::: Given data :::
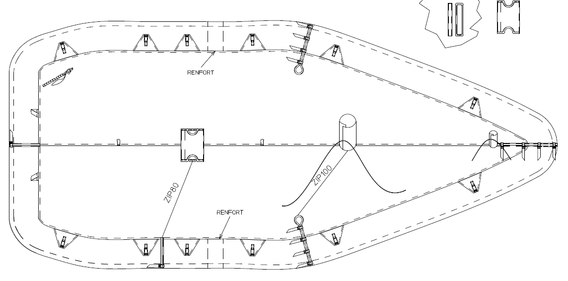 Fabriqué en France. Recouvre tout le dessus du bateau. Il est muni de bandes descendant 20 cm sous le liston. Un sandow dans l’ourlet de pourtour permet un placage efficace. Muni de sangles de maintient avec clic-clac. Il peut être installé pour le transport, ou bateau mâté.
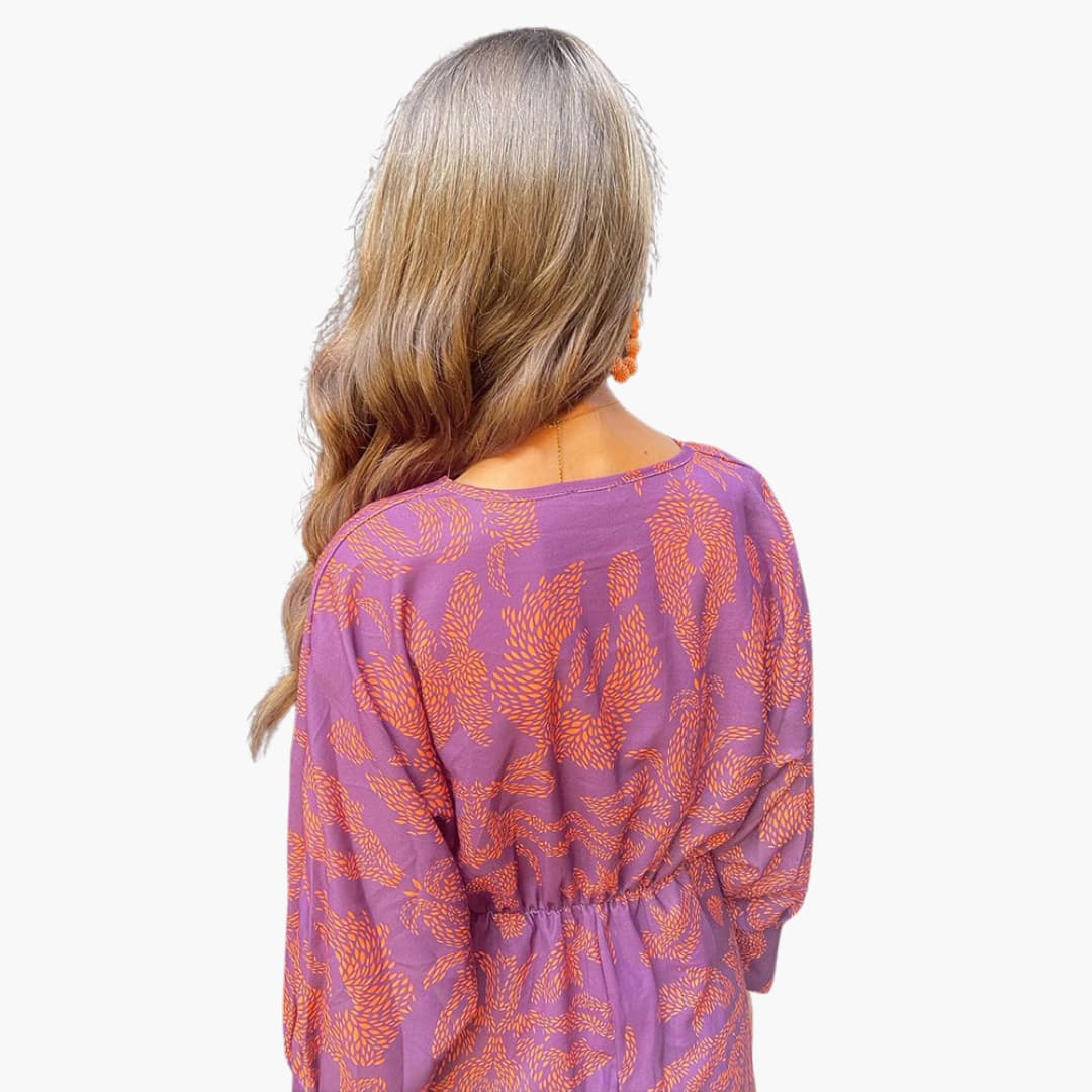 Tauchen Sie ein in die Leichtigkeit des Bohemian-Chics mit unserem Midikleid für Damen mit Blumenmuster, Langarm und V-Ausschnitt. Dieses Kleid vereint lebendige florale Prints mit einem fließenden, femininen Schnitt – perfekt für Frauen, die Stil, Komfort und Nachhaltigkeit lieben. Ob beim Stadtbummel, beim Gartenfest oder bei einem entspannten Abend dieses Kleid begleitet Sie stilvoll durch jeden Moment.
:::
::: Given data :::
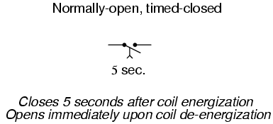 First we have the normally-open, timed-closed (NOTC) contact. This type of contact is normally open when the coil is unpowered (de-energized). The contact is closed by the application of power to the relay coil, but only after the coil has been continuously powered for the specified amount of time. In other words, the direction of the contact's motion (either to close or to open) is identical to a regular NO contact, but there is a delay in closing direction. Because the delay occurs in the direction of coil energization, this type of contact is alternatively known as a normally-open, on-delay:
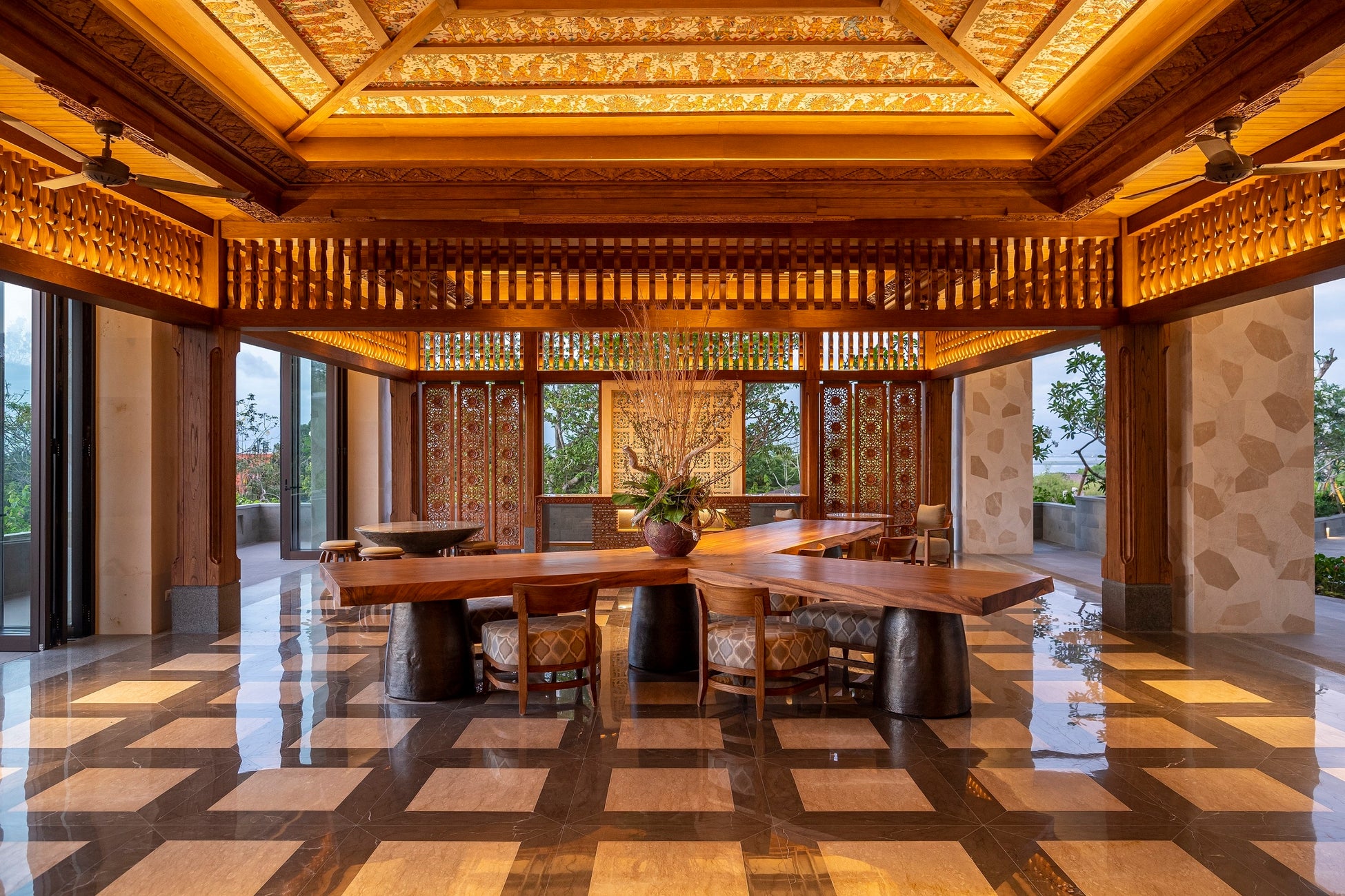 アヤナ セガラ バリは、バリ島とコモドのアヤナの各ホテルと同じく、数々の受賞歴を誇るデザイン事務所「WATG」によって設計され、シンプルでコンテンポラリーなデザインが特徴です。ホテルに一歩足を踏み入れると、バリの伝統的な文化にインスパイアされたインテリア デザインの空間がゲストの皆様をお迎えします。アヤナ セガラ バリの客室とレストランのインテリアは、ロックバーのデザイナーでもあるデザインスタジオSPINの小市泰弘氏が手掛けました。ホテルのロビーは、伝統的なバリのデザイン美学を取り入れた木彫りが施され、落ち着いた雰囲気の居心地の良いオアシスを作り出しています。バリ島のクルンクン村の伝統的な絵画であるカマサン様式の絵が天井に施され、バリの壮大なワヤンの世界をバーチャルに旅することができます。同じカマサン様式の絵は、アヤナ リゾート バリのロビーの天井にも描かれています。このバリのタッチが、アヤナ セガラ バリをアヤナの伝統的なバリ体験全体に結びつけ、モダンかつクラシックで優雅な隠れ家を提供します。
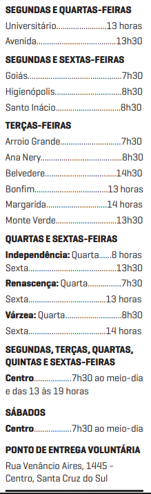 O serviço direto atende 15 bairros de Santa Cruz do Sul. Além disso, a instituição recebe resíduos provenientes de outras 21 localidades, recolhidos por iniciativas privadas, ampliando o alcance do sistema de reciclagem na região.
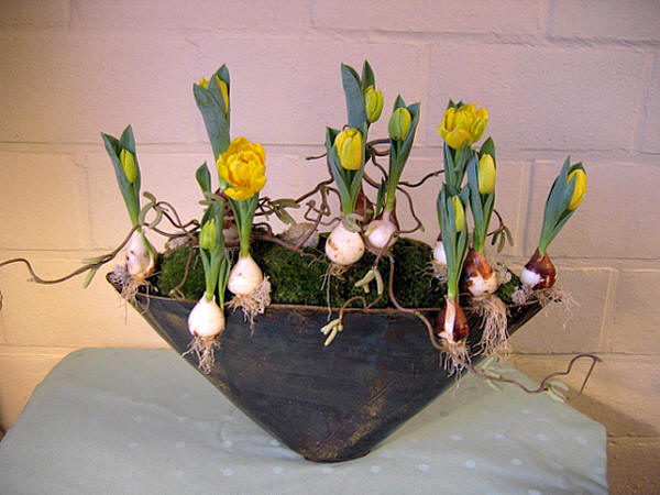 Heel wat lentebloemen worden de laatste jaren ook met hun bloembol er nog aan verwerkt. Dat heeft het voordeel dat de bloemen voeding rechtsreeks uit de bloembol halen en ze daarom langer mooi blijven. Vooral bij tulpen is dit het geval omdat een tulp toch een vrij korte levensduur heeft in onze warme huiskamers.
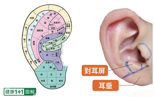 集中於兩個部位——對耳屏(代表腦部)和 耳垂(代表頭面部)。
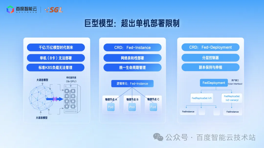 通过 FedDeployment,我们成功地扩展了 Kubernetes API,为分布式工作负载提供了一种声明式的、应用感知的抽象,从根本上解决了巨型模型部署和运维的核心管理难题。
:::
::: Given data :::
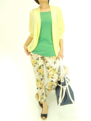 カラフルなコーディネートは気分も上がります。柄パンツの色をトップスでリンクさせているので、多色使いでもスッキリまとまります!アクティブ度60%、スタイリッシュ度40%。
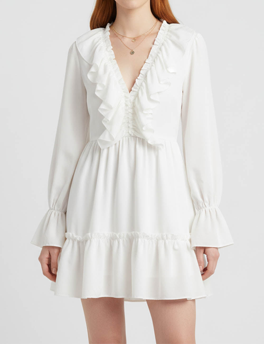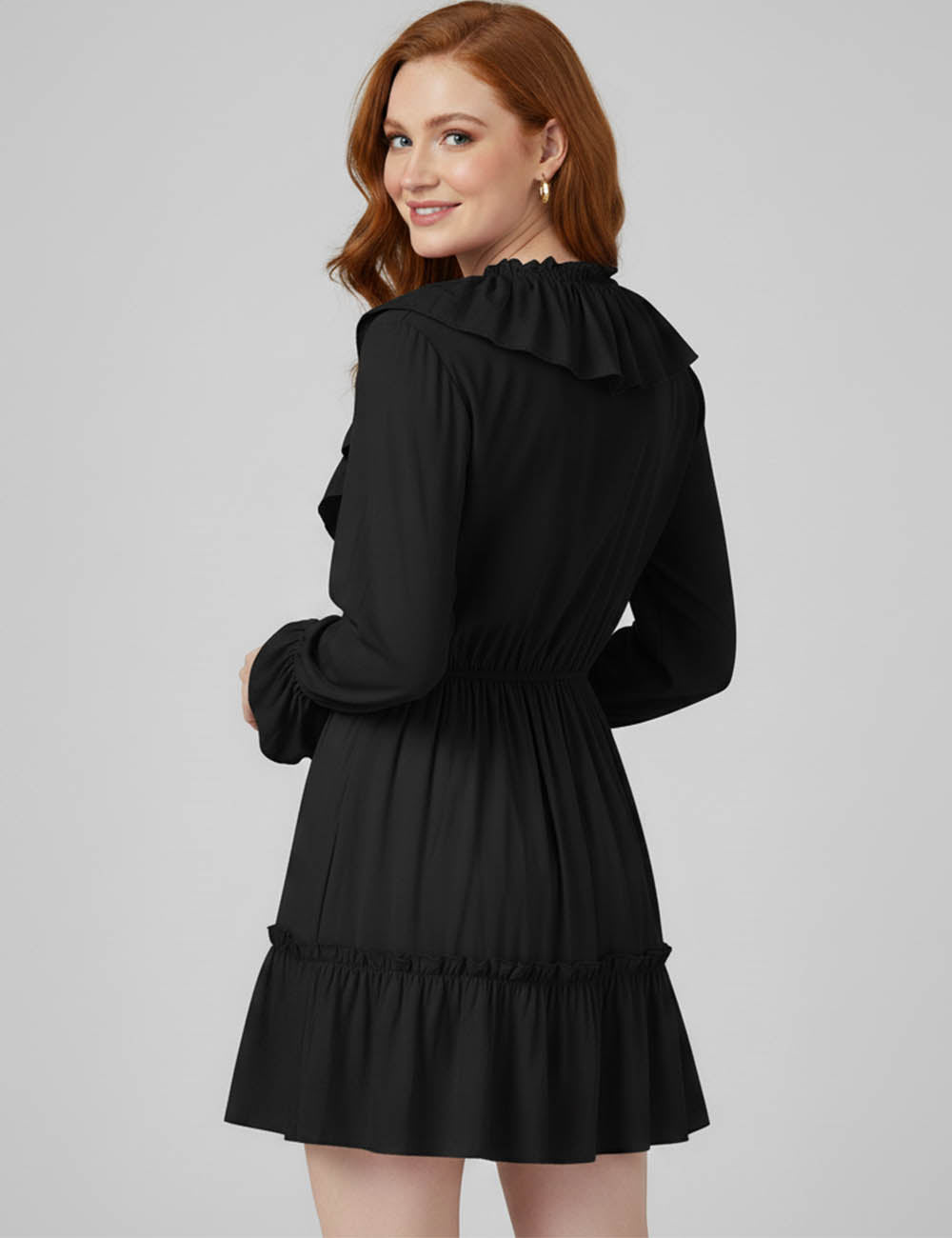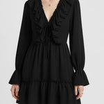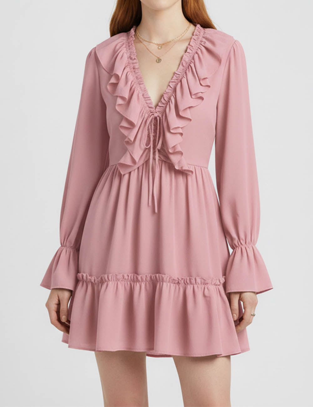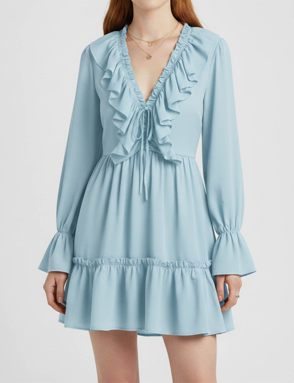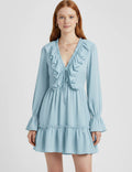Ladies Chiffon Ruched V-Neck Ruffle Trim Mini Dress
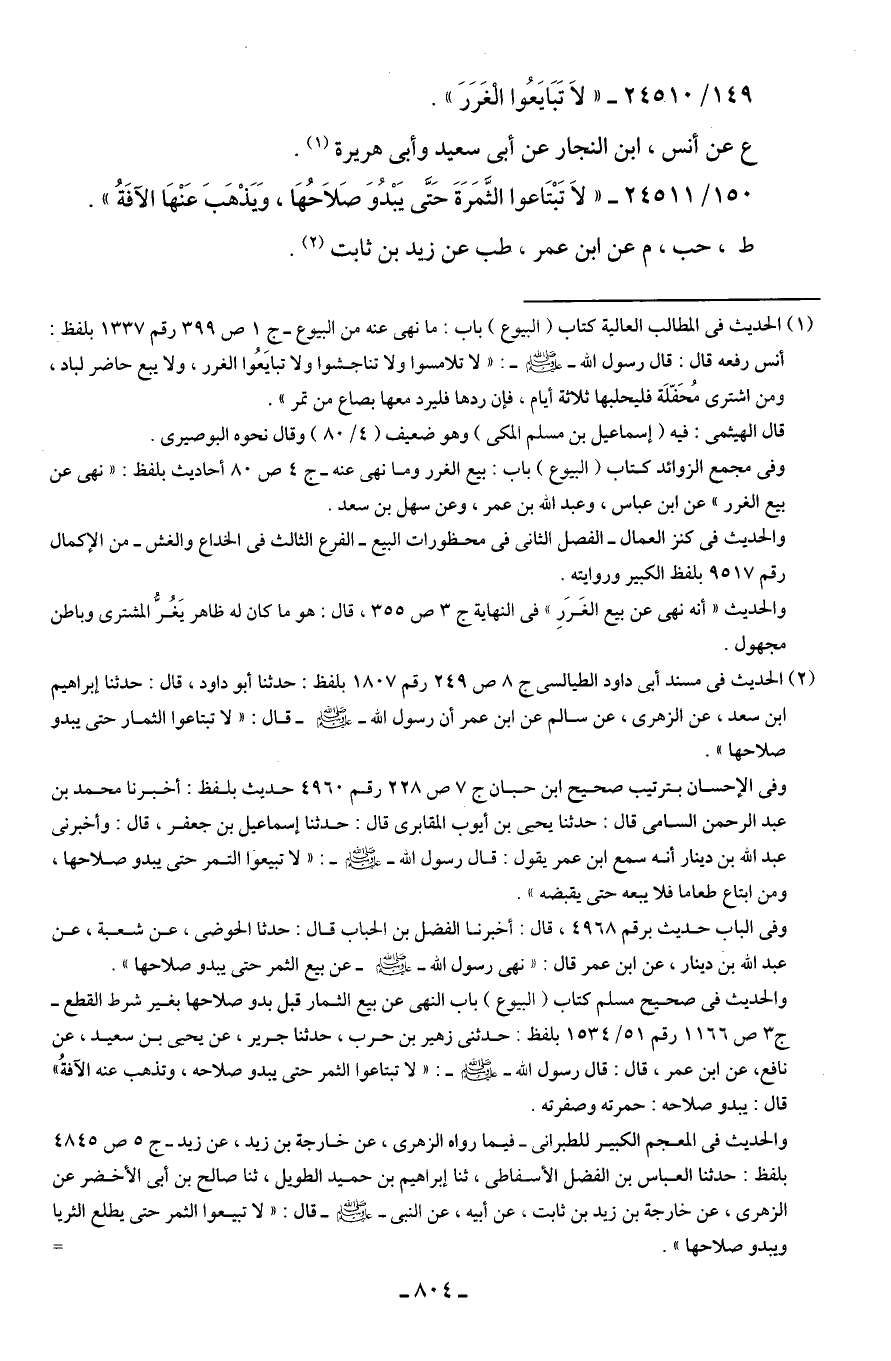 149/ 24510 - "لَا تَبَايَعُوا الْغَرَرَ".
:::
Assigned task:
Copy out the lines above from the line containing "集中於兩個部位——對耳屏(代表腦部)和 耳垂(代表頭面部)。" through the line containing "通过 FedDeployment,我们成功地扩展了 Kubernetes", exactly, and keep the pictures out.

Reply:
 集中於兩個部位——對耳屏(代表腦部)和 耳垂(代表頭面部)。
 通过 FedDeployment,我们成功地扩展了 Kubernetes API,为分布式工作负载提供了一种声明式的、应用感知的抽象,从根本上解决了巨型模型部署和运维的核心管理难题。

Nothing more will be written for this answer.